Sarah: "It was very easy to get started with Yarado. The lines of communication are very short. We could immediately make appointments and recordings of the steps I had to go through manually before. Then Yarado started building that and we started testing it. Within two weeks we were online. You don't need any developer skills, it works very intuitively. Menno from Yarado put the entire application together for us. Sarah: "Yarado is a fast, accessible way to get rid of your administrative hassles. It's all well explained, very clear what's happening." Marieke: "Yarado also adjusts things very quickly if something is not going well. The service level is very high."

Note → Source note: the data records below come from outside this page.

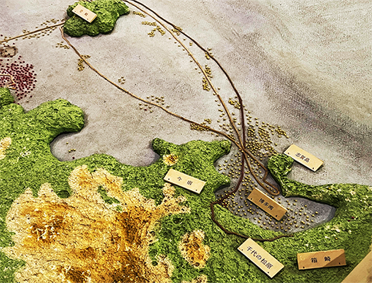 The photo above shows the aerial view of Hakata and Hakata Bay introduced yesterday, and a diorama of the ‘invasion’ of Yuan ships, which we were able to see at the Yuan Pirates Historical Museum for the first time. This situation is from the first invasion, the “Bun’ei no Yaku” in 1274, when Japanese society experienced this kind of devastation in the 13th century.
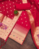 Skilled artisans meticulously weave lichi silk threads with zari using traditional handlooms or specialized looms in Banaras. The process involves detailed craftsmanship to achieve the elaborate motifs that are the hallmark of Banarasi brocade.
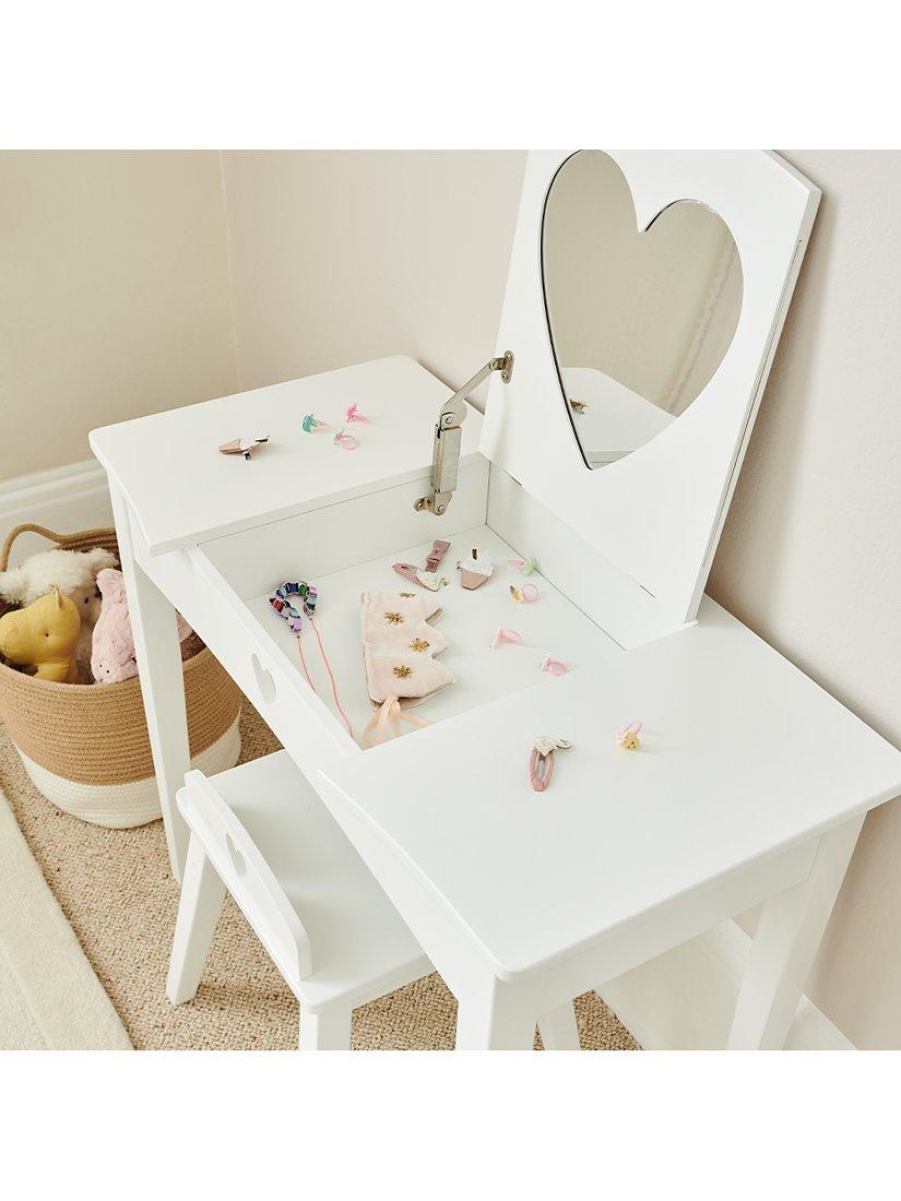 Sitting pretty is this stunning sweetheart dressing table and stool set from Great Little Trading Company. A wonderful gift for roleplay fun, this beautifully designed furniture is crafted from solid wood and features sweet cut-out heart detailing. Lift up the lid to reveal a secret storage drawer - perfect for stowing away accessories and trinkets. A true heirloom to treasure, little ones will love practicing self-care and acting out pretend play scenarios.
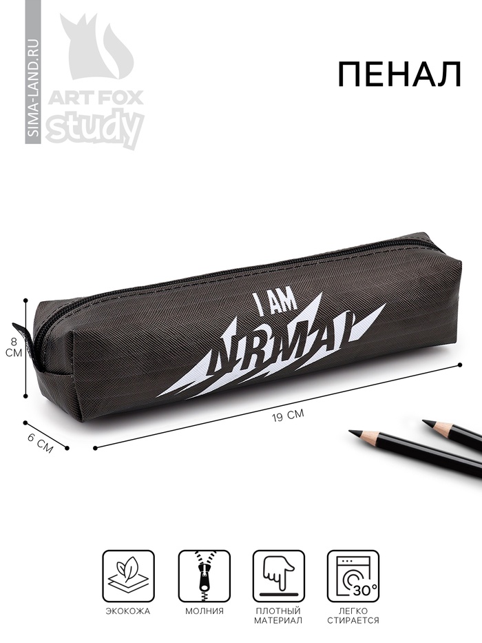 Пенал школьный из искусственной кожи I AM NRMAL, 19×8×3 см
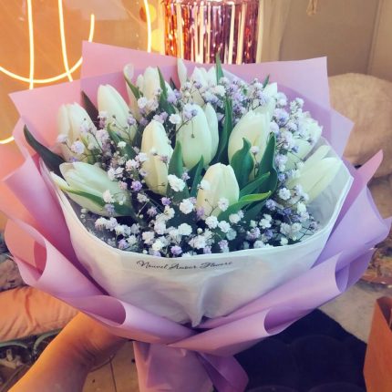 Класичний монобукет з 11 білих тюльпанів
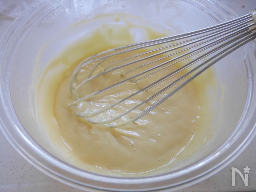 薄力粉は必ずふるいながら混ぜてください。一気に入れてしまうとダマになり、食感が悪くなります。
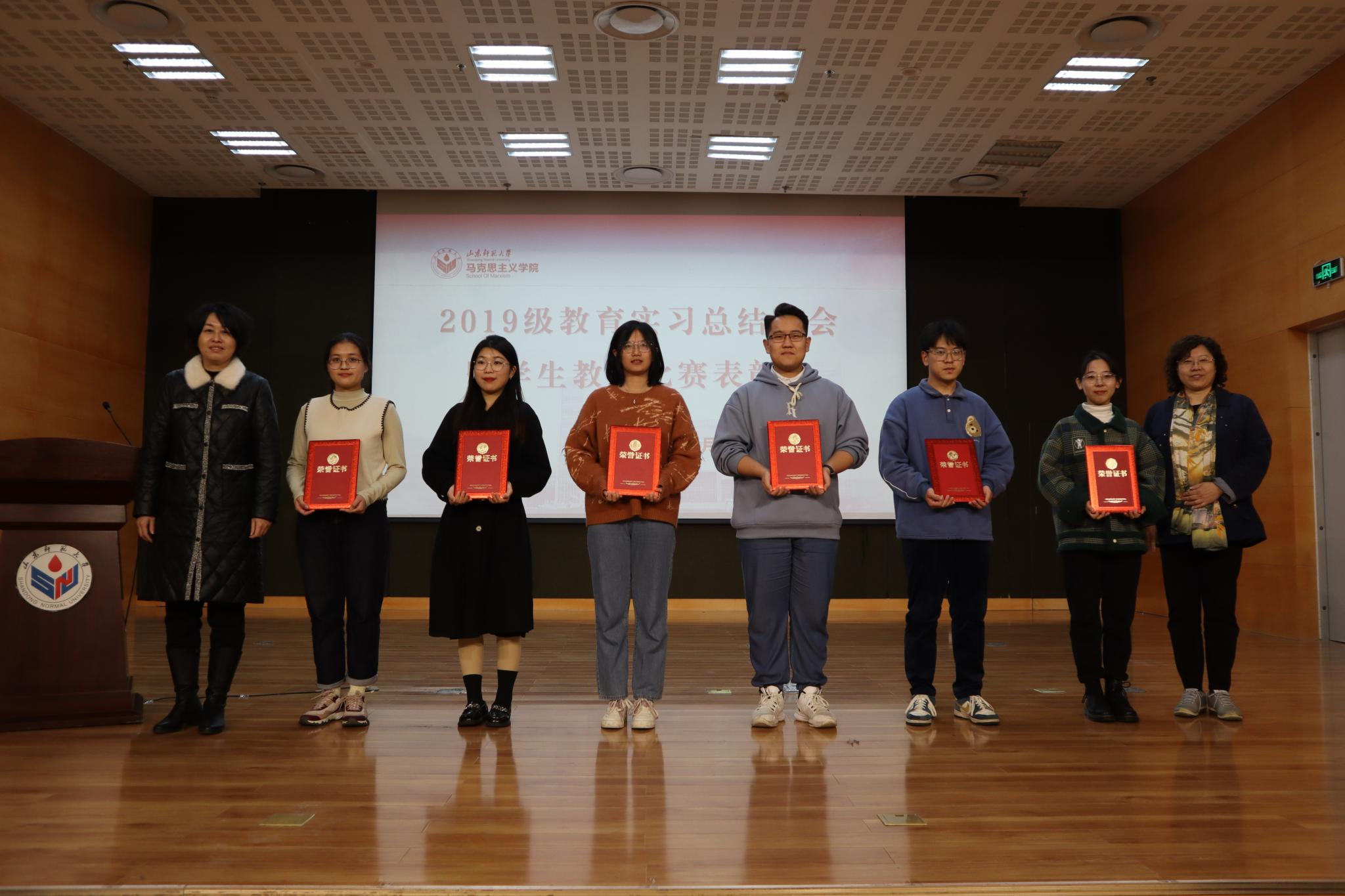 杨光、孙通分别宣读了《2019级教育实习成绩优秀学生名单》《2019级教育实习先进个人名单》,吕晓勇为教育实习先进个人代表颁奖。潘科、邵长超分别宣读了《山东师范大学首届“大学生讲思政课”公开课比赛获奖学生名单》《2021年师范类学生从业技能比赛获奖学生名单》,宋惠芳、王青、孙天蕾、孙爽为获奖学生颁奖。
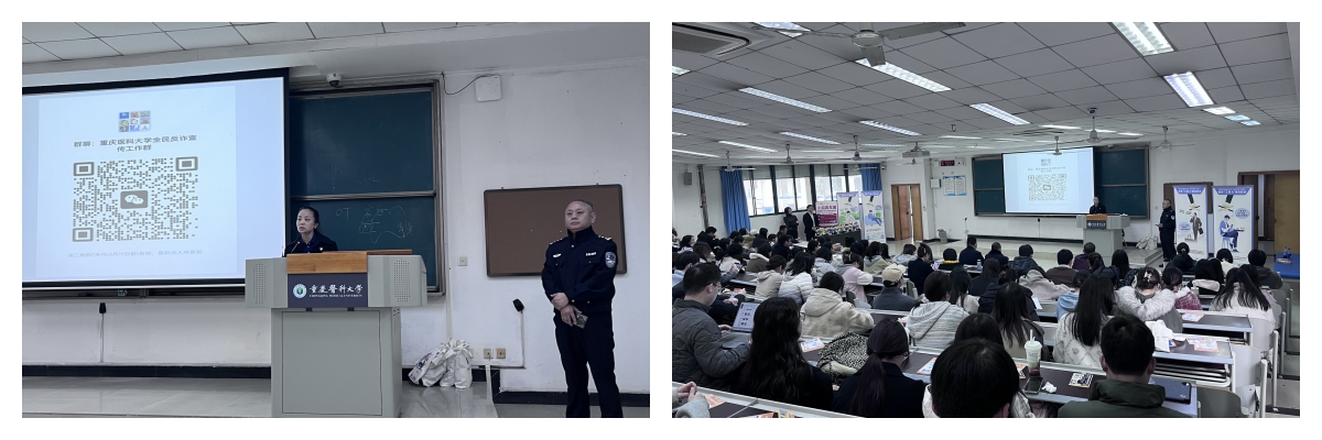渝中区反诈中心周俊警官通过真实案例深度解析网络刷单、AI换脸等新型诈骗套路,现场演示如何识别和防范诈骗,200余名师生在沉浸式教学中掌握了紧急止付、证据保全等应急处置技能。
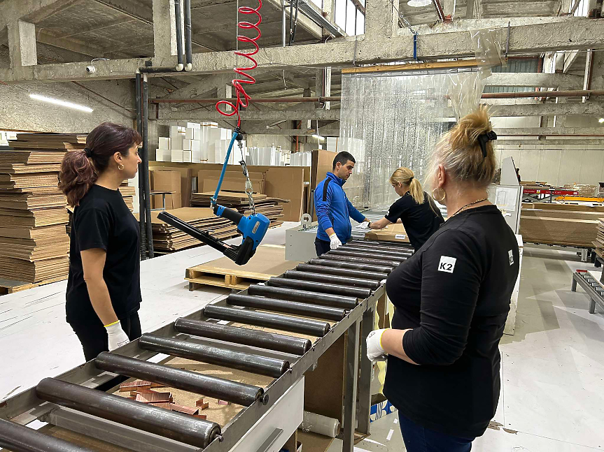 В момента в К2 работят малко над 100 човека, а от фабриката излизат 6-7 тира стока всяка седмица, или по 1 на ден.
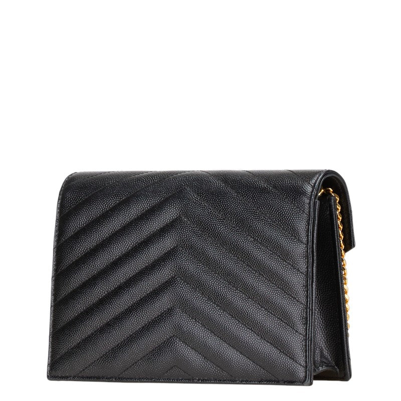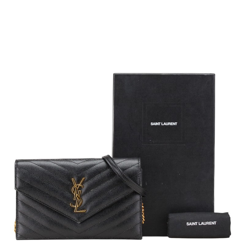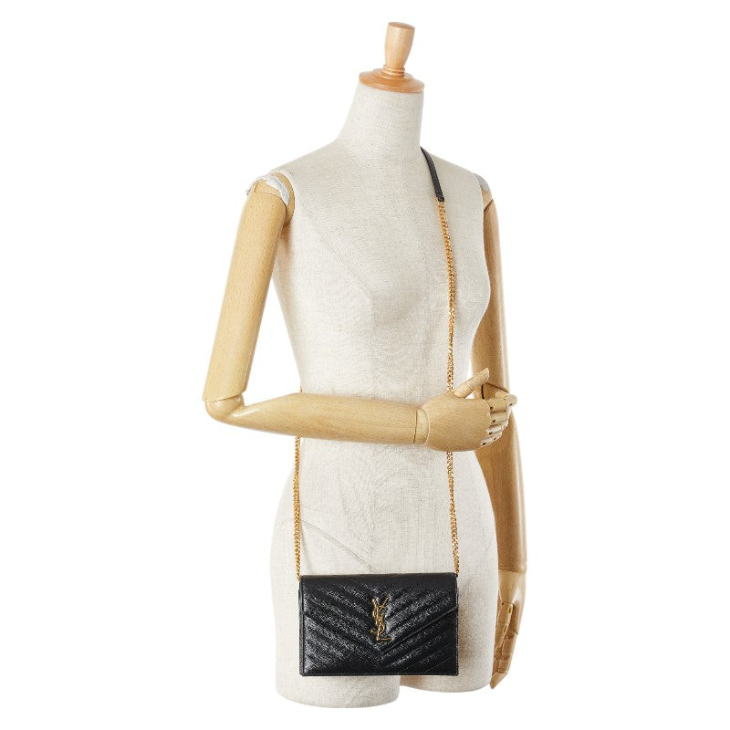 サンローラン YSL エンベローブ チェーンウォレット ショルダーバッグ 393953 ブラック レザー レディース SAINT LAURENT 【中古】

"Yarado is a fast, approachable way to get rid of your hassles."

Deletion sessions

This is a better solution than the one devised by the Ministry of Health, Welfare and Sport (VWS). Marieke: "There has been more attention for it in recent years, also at the national level. For example, scrapping sessions were devised by VWS, but they didn't really help. That was a bit of fighting forms with forms."

Purple crocodile

Forms are already plentiful at a general practice. Marieke: "The most offensive is the purple crocodile referral. That term comes from an OHRA advertisement in which a girl has forgotten her purple crocodile in the pool and has to fill out all kinds of forms while the crocodile stands in plain sight behind the desk clerk. We call this type of referral that because it is quite useless. Patients have to come and get such a form because they need a certain check mark from the doctor for their health insurance, but not because anything of medical knowledge is being asked of the doctor. Very frustrating. It's a blank referral. Of course, a robot could pick this up that way, too."

Mail processing is next

Plenty to automate in healthcare, but the focus at HZK will soon be on mail processing. Marieke: "In the near future, we want to work on the referral letters that come in. The biggest pressure is on our physician assistants. We really have shortages there, this is a national problem by the way. We want them to have to process fewer letters and be able to talk to people more. I estimate that as a general practice we spend 2 hours a day processing mail, so a quarter of the day. It would be great if we could become more efficient at this."